Exercise aim: Only the text should be kept: print every entry below exactly and leave each image out.

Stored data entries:
■ ■ ■ ■ ■

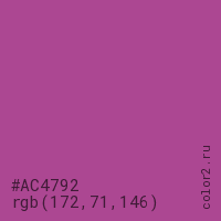 Цвет #AC4792 в цветовой модели RGB обозначается тремя октетами (172, 71, 146) в десятичном формате и #AC4792 в шестнадцатиричном (hex) формате, которые являются интенсивностью красного 172 (hex AC), интенсивность зелёного 71 (hex 47) и интенсивность синего 146 (hex 92).
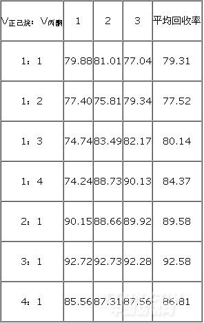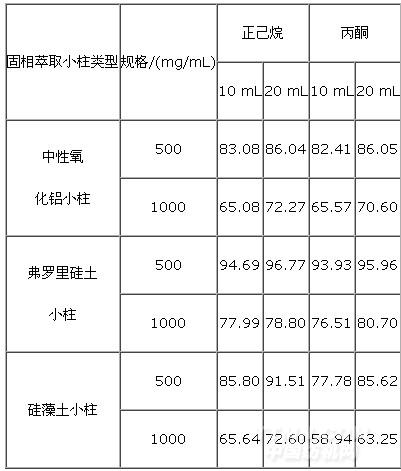 表5 正己烷和丙酮不同比例洗脱时的回收率 %
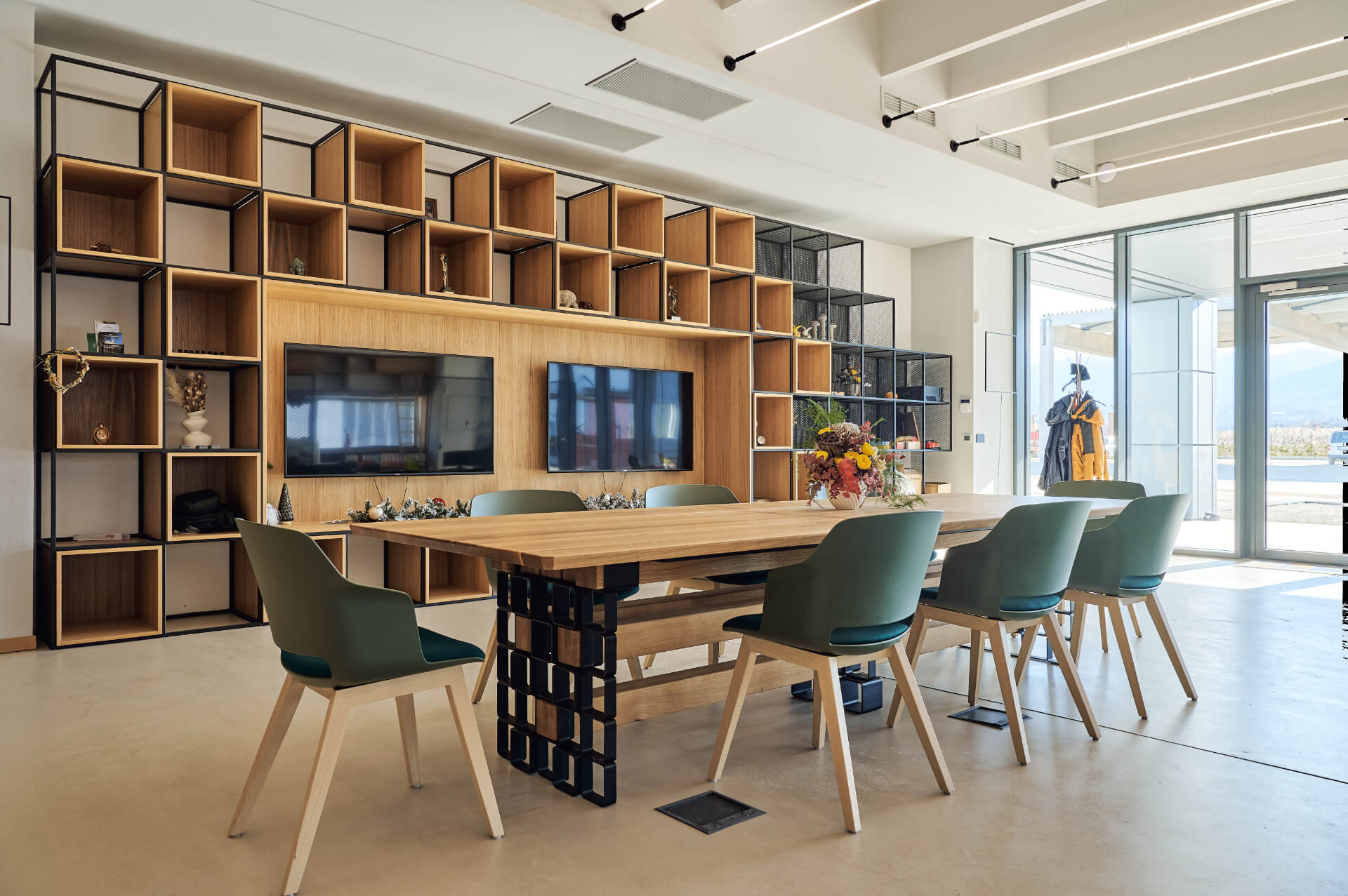 Модерна заседателна зала с дълга дървена маса, зелени столове и Интериорен дизайн Studio28a празнични елементи.
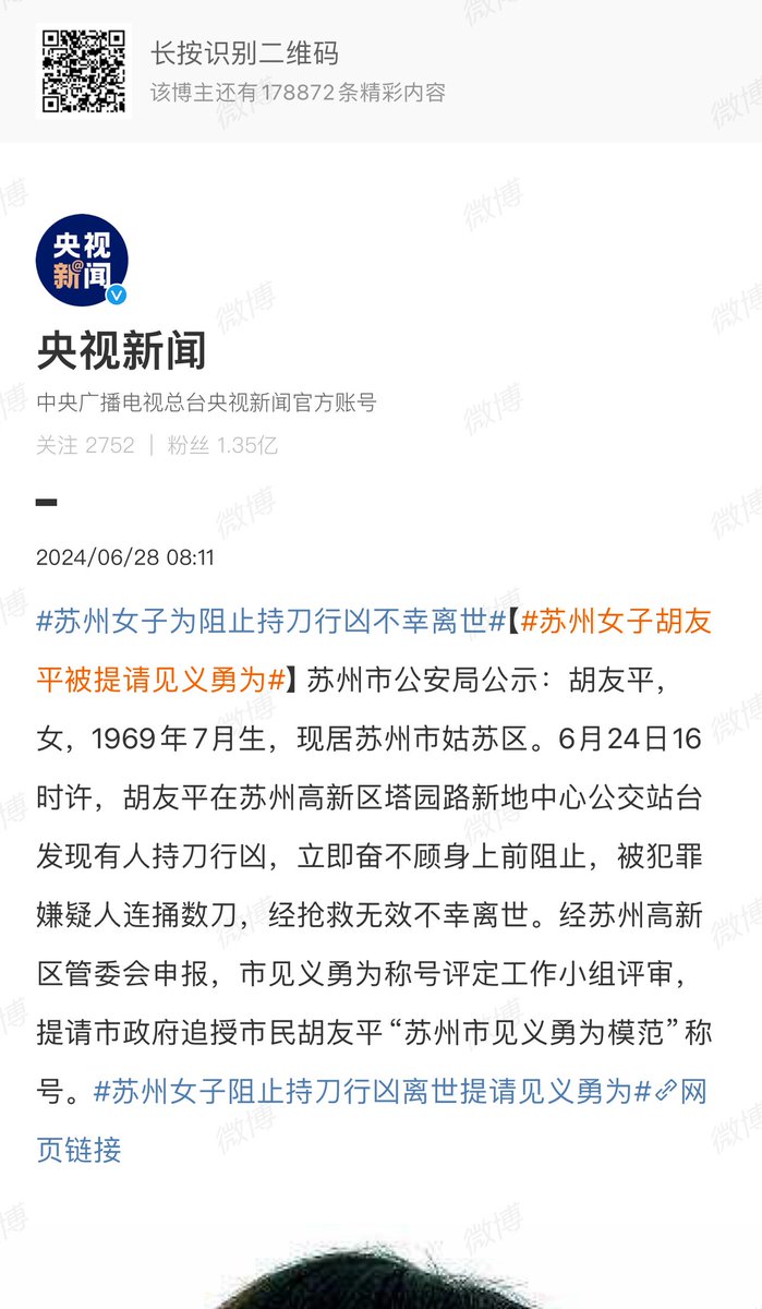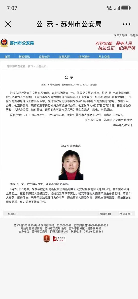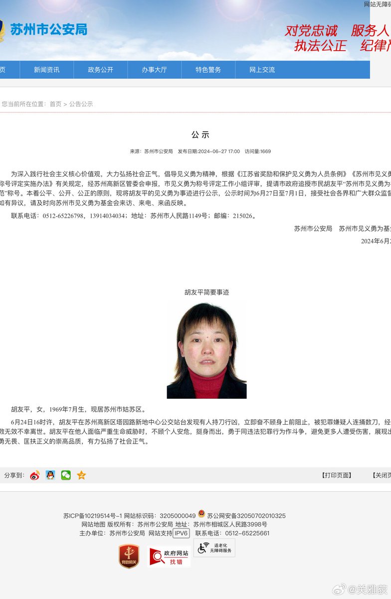 日本驻华大使馆:惊闻胡友平女士经抢救无效不幸离世,我馆深感痛惜。胡友平女士以一己之力从歹徒手中保护了无辜的妇幼,相信她的勇气与善良也代表了广大中国民众。我们在此向胡女士的大义之举致敬,愿胡女士安息🙏
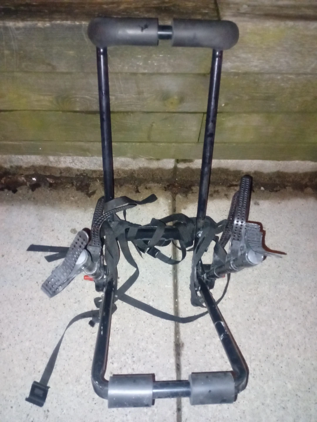 This is a trunk-mounted bike rack for carrying your bicycles. It features adjustable straps for securing the rack to your vehicle. The rack has padded supports to protect your bike frame.
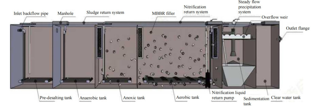 MBBR integrated sewage treatment equipment is an advanced moving bed biofilm reactor (MBBR for short) process, an efficient sewage treatment equipment independently developed by the company through innovation. The principle of the MBBR process is to increase the biomass and biological species in the reactor by adding a certain amount of suspended carriers, thereby improving the treatment efficiency of the reactor. Since the filler density is close to that of water, it is in a state of complete mixing with water during aeration. The environment for microbial growth is three-phase: gas, liquid and solid. The collision and shearing action of the carrier in water makes the bubbles smaller, thus improving the utilization rate of oxygen. In addition, there are different biological species inside and outside each carrier. Anaerobic or facultative bacteria grow inside, and aerobic bacteria grow outside, so that nitrification and denitrification exist simultaneously, thus improving the treatment effect.
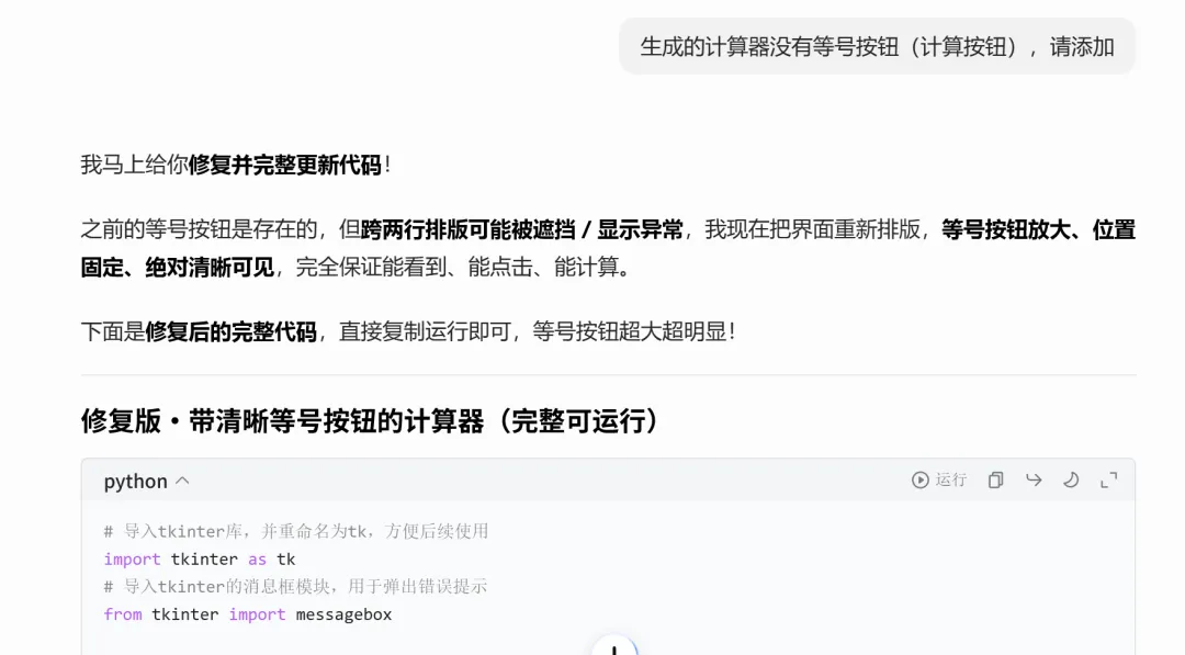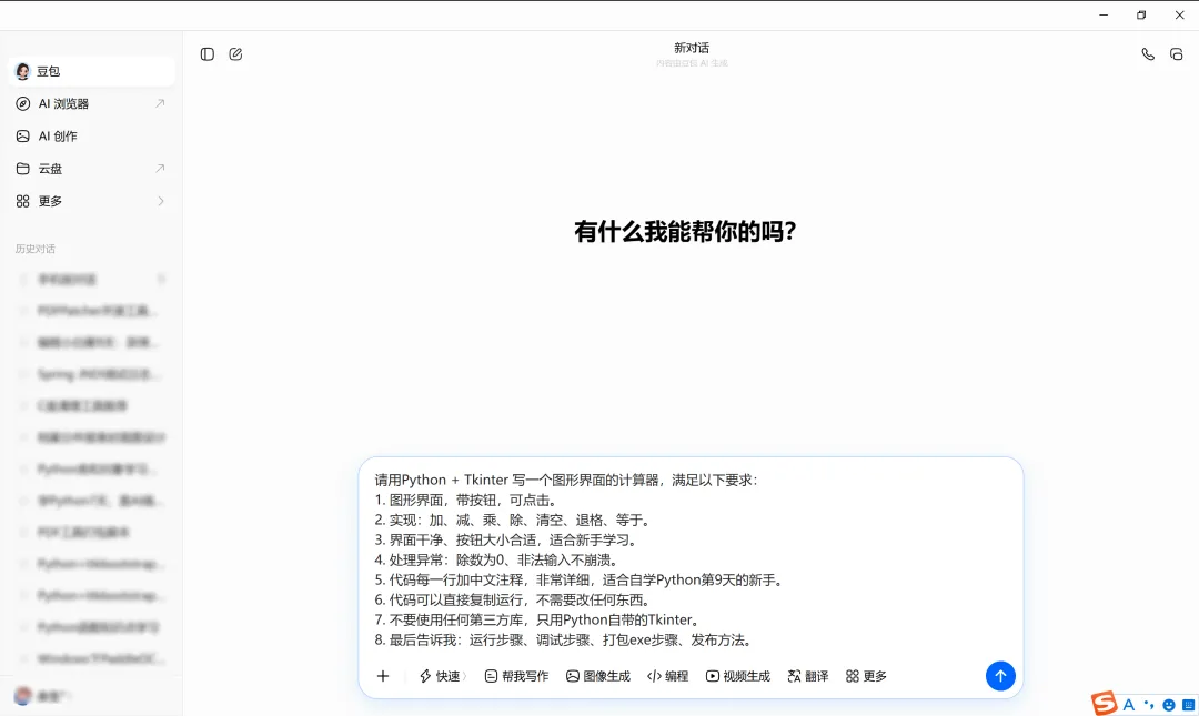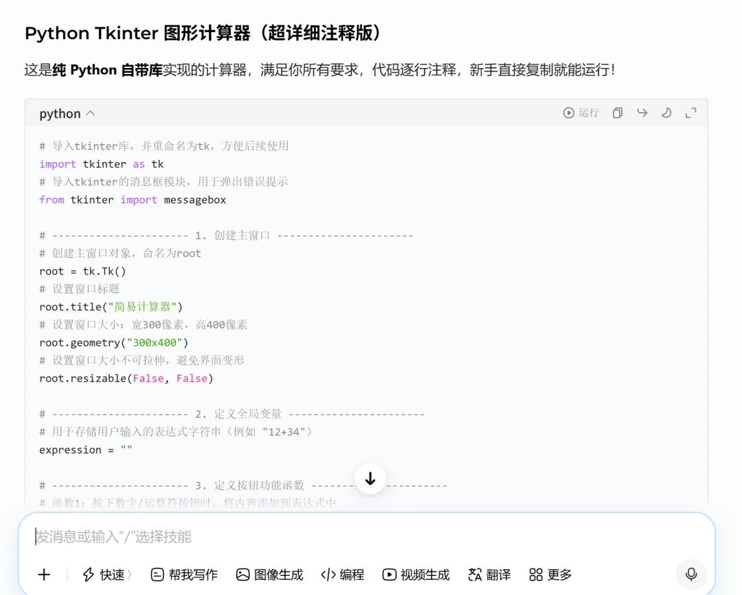 你直接把下面这段话发给豆包/文心一言/ChatGPT,AI就会给你生成完整可运行的Tkinter图形计算器。

■ ■ ■ ■ ■

Solution below:
 Цвет #AC4792 в цветовой модели RGB обозначается тремя октетами (172, 71, 146) в десятичном формате и #AC4792 в шестнадцатиричном (hex) формате, которые являются интенсивностью красного 172 (hex AC), интенсивность зелёного 71 (hex 47) и интенсивность синего 146 (hex 92).
 表5 正己烷和丙酮不同比例洗脱时的回收率 %
 Модерна заседателна зала с дълга дървена маса, зелени столове и Интериорен дизайн Studio28a празнични елементи.
 日本驻华大使馆:惊闻胡友平女士经抢救无效不幸离世,我馆深感痛惜。胡友平女士以一己之力从歹徒手中保护了无辜的妇幼,相信她的勇气与善良也代表了广大中国民众。我们在此向胡女士的大义之举致敬,愿胡女士安息🙏
 This is a trunk-mounted bike rack for carrying your bicycles. It features adjustable straps for securing the rack to your vehicle. The rack has padded supports to protect your bike frame.
 MBBR integrated sewage treatment equipment is an advanced moving bed biofilm reactor (MBBR for short) process, an efficient sewage treatment equipment independently developed by the company through innovation. The principle of the MBBR process is to increase the biomass and biological species in the reactor by adding a certain amount of suspended carriers, thereby improving the treatment efficiency of the reactor. Since the filler density is close to that of water, it is in a state of complete mixing with water during aeration. The environment for microbial growth is three-phase: gas, liquid and solid. The collision and shearing action of the carrier in water makes the bubbles smaller, thus improving the utilization rate of oxygen. In addition, there are different biological species inside and outside each carrier. Anaerobic or facultative bacteria grow inside, and aerobic bacteria grow outside, so that nitrification and denitrification exist simultaneously, thus improving the treatment effect.
 你直接把下面这段话发给豆包/文心一言/ChatGPT,AI就会给你生成完整可运行的Tkinter图形计算器。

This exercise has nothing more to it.